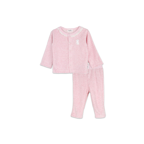 Детский костюм в нежном оттенке розового цвета состоит из двух предметов. Толстовка застегивается на пуговицы, поэтому ее будет удобно надевать. Брюки на резинке мягко фиксируются на поясе и не создадут дискомфорт. Комплект отличается свободной посадкой, что делает его универсальным для ребенка любой комплекции. Особенностью модели является рюша, обрамляющая горловину толстовки. В модном комплекте одежды ребенок будет комфортно себя чувствовать дома, на прогулке или в детском саду. Одежда не стесняет движений и не создаст ограничений для малыша в познании окружающего мира. в основе ткани использован натуральный хлопок и полиэстер. Рекомендовано для детей ясельного возраста.
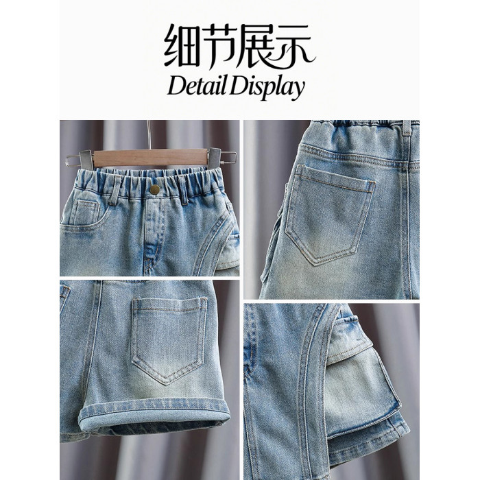 女童夏季短褲2025新款中大童洋氣牛仔裙褲女孩兒童夏裝百搭褲子薄
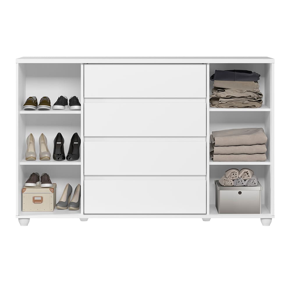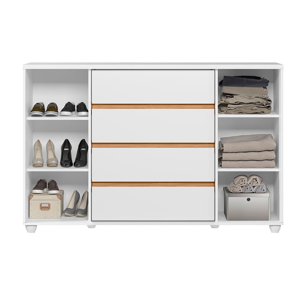 Conteúdo da Embalagem: -1 Cômoda Palumoveis Evidenza com 4 Gavetas e 2 Portas – 150cm de Largura
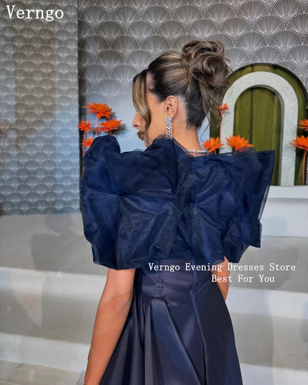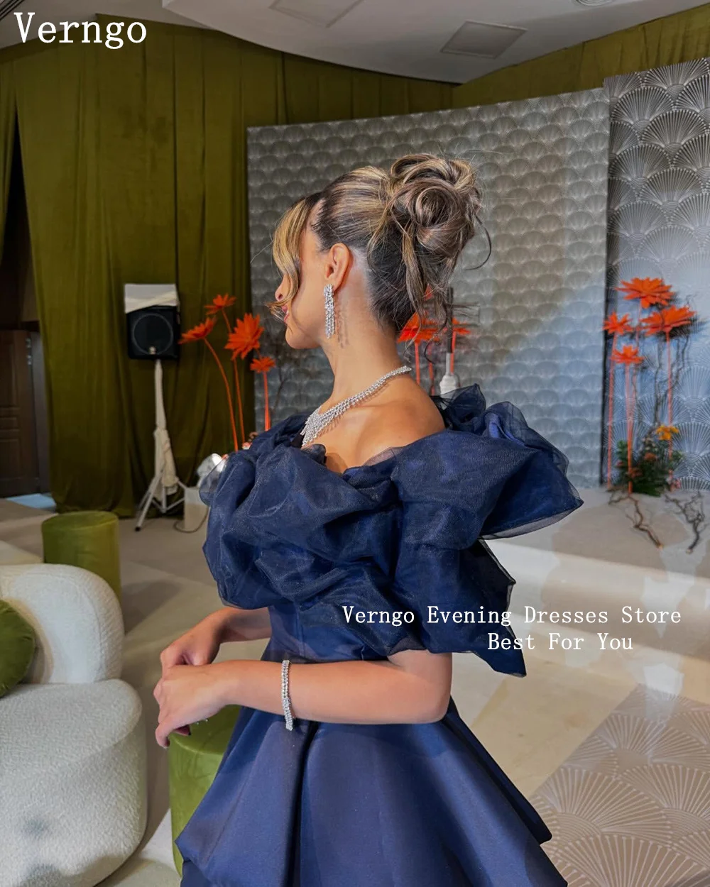 Verngo Navy Blue Satin Evening Dress Off The Shoulder A Line Prom Gown Simple Elegant Arabic Prom Party Dresses Customized
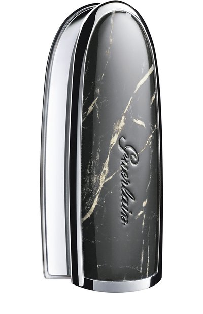 Черная глянцевая вставка со светлыми прожилками, как на мраморе, и гравировкой в виде логотипа бренда украшает один из 15 вариантов дизайна футляра для помады Rouge G. Для создания аксессуара, по форме напоминающего пулю, ювелир Лоренц Баумер выбрал гладкий серебристый металл. Внутри — два небольших зеркала.
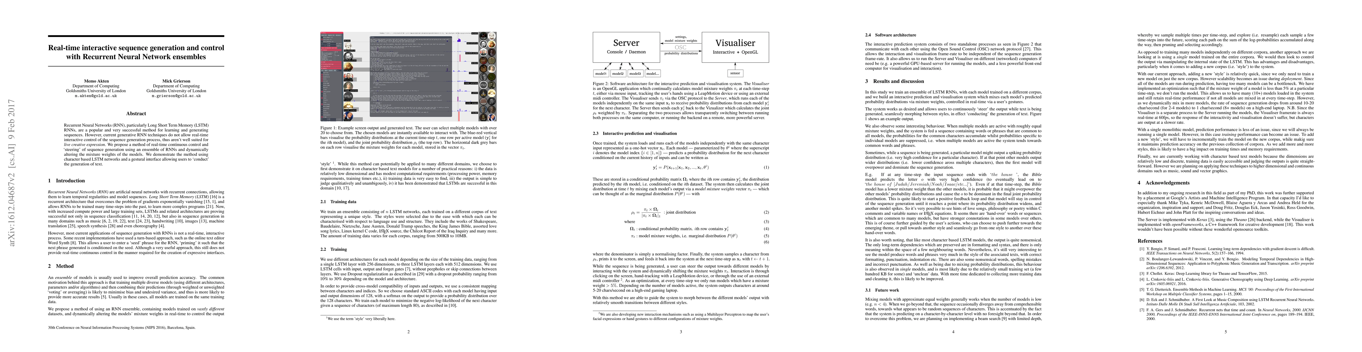 This paper proposes a method for real-time interactive control of sequence generation using an ensemble of LSTM RNNs, enabling dynamic alteration of model mixture weights. It demonstrates this technique with character-based LSTM networks and a gestural interface for live creative expression.
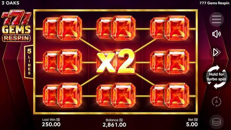 The volatility is listed as Unknown, which hinders a precise evaluation of risk associated with the game. However, with only 5 paylines, lower stakes can yield less frequent payouts but the potential for larger wins. As a result, players should approach 777 Gems Respin with caution, balancing between low-risk sessions and higher bets when comfortable.
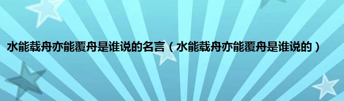 大家好,小问来为大家解答以上问题。水能载舟亦能覆舟是谁说的名言,水能载舟亦能覆舟是谁说的这个很多人还不知道,现在让我们一起来看看吧!
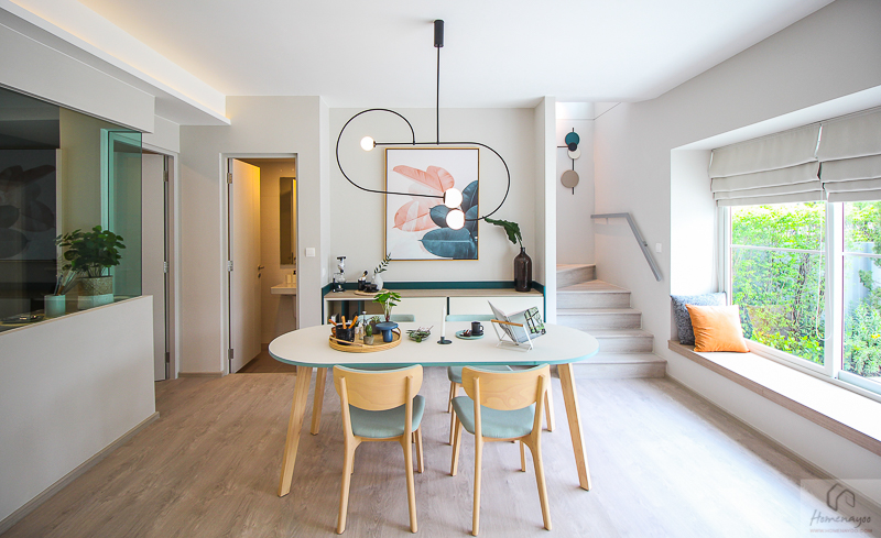 ติดกันเป็นส่วนรับประทานอาหาร วางโต๊ะขนาด 4 ที่นั่งให้ดู
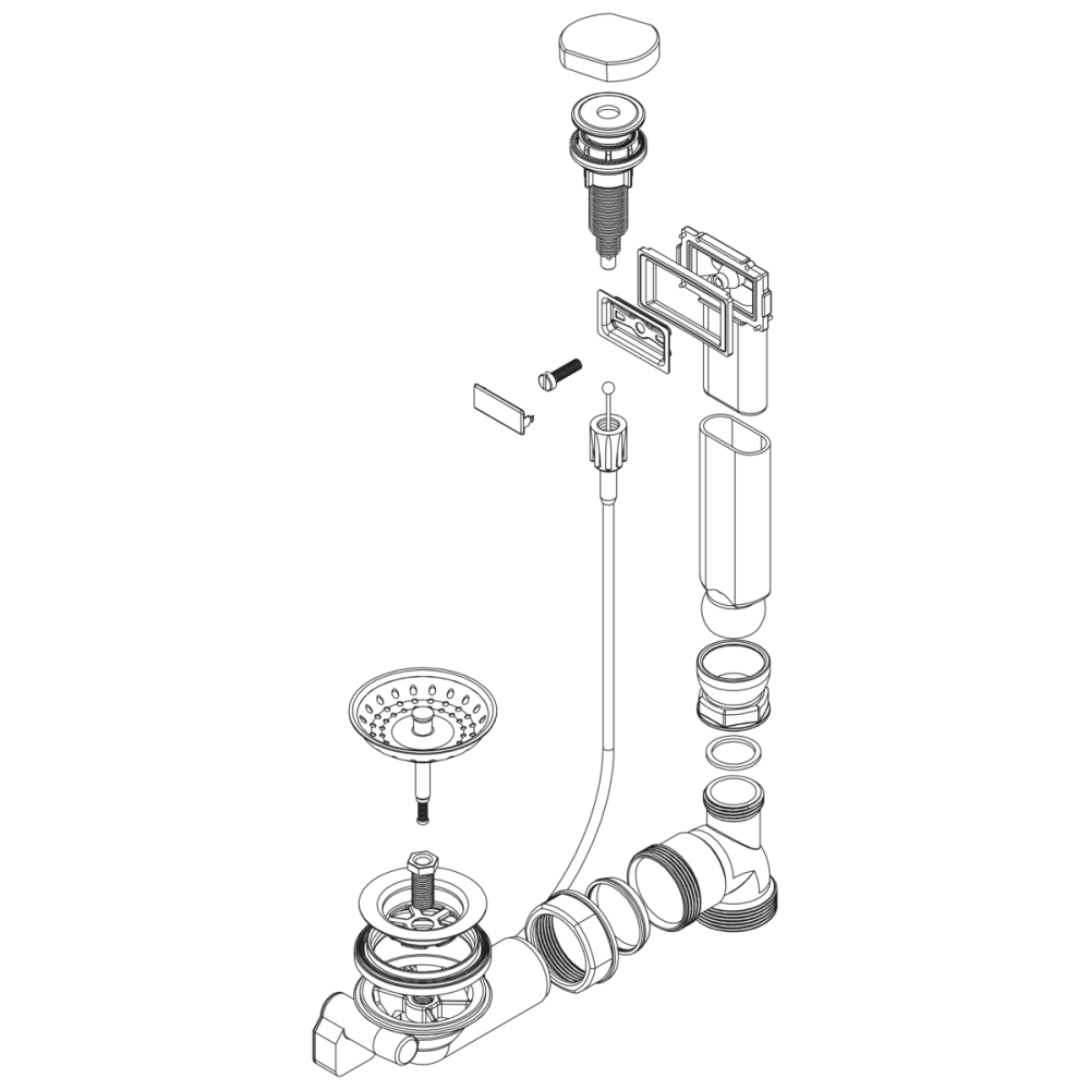 Vypouštěcí sada pro jednodřezy s přepadem ve vaně dřezu s obdélníkovým odtokem
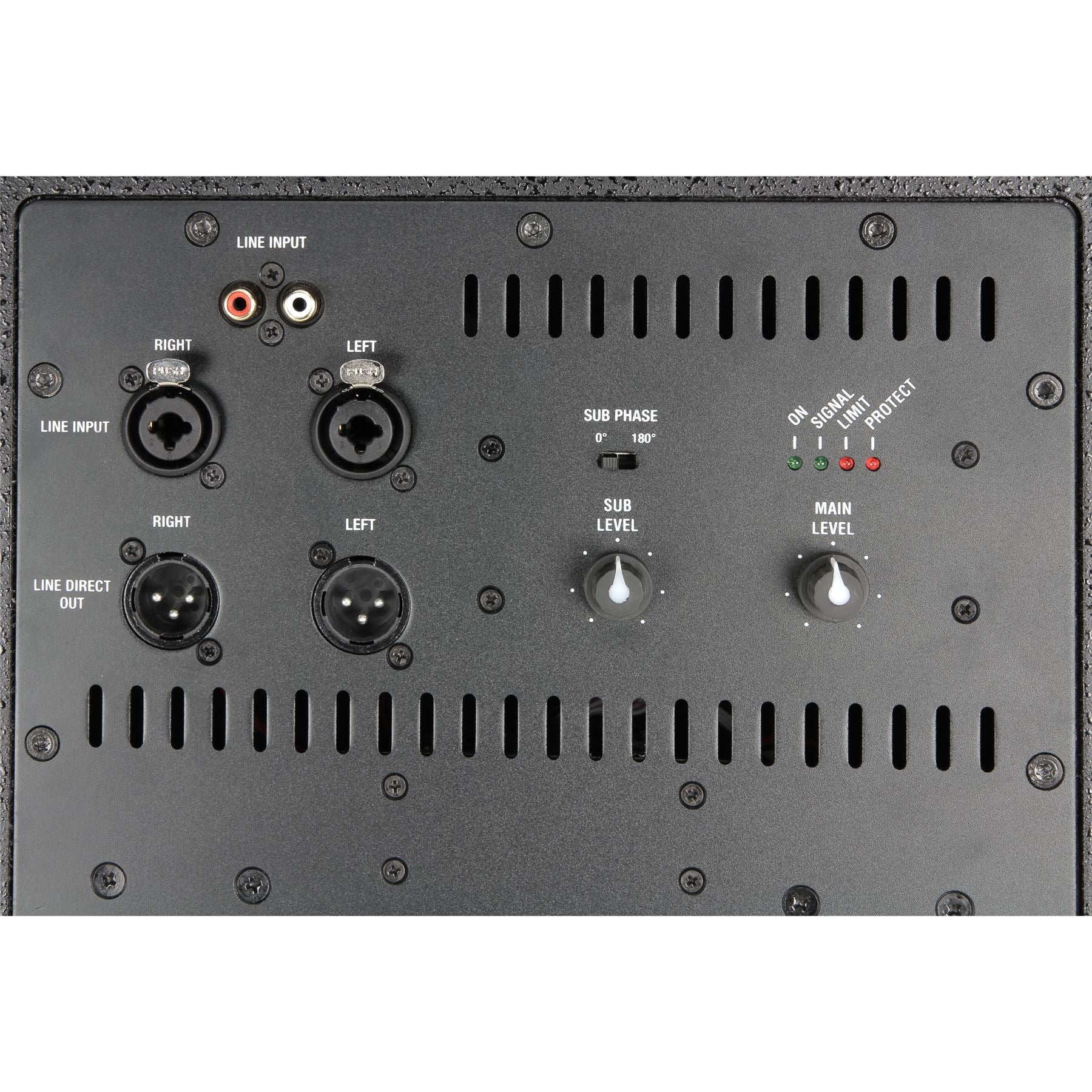 Controls: Main level, Power, Sub level, Subwoofer Phase Reverse

::::::

**WORK REQUIRED:** Give back exactly the lines from the first line of the data through the line with "Verngo Navy Blue", pictures excluded.

**ANSWER TO THIS PROBLEM:**
 Детский костюм в нежном оттенке розового цвета состоит из двух предметов. Толстовка застегивается на пуговицы, поэтому ее будет удобно надевать. Брюки на резинке мягко фиксируются на поясе и не создадут дискомфорт. Комплект отличается свободной посадкой, что делает его универсальным для ребенка любой комплекции. Особенностью модели является рюша, обрамляющая горловину толстовки. В модном комплекте одежды ребенок будет комфортно себя чувствовать дома, на прогулке или в детском саду. Одежда не стесняет движений и не создаст ограничений для малыша в познании окружающего мира. в основе ткани использован натуральный хлопок и полиэстер. Рекомендовано для детей ясельного возраста.
 女童夏季短褲2025新款中大童洋氣牛仔裙褲女孩兒童夏裝百搭褲子薄
 Conteúdo da Embalagem: -1 Cômoda Palumoveis Evidenza com 4 Gavetas e 2 Portas – 150cm de Largura
 Verngo Navy Blue Satin Evening Dress Off The Shoulder A Line Prom Gown Simple Elegant Arabic Prom Party Dresses Customized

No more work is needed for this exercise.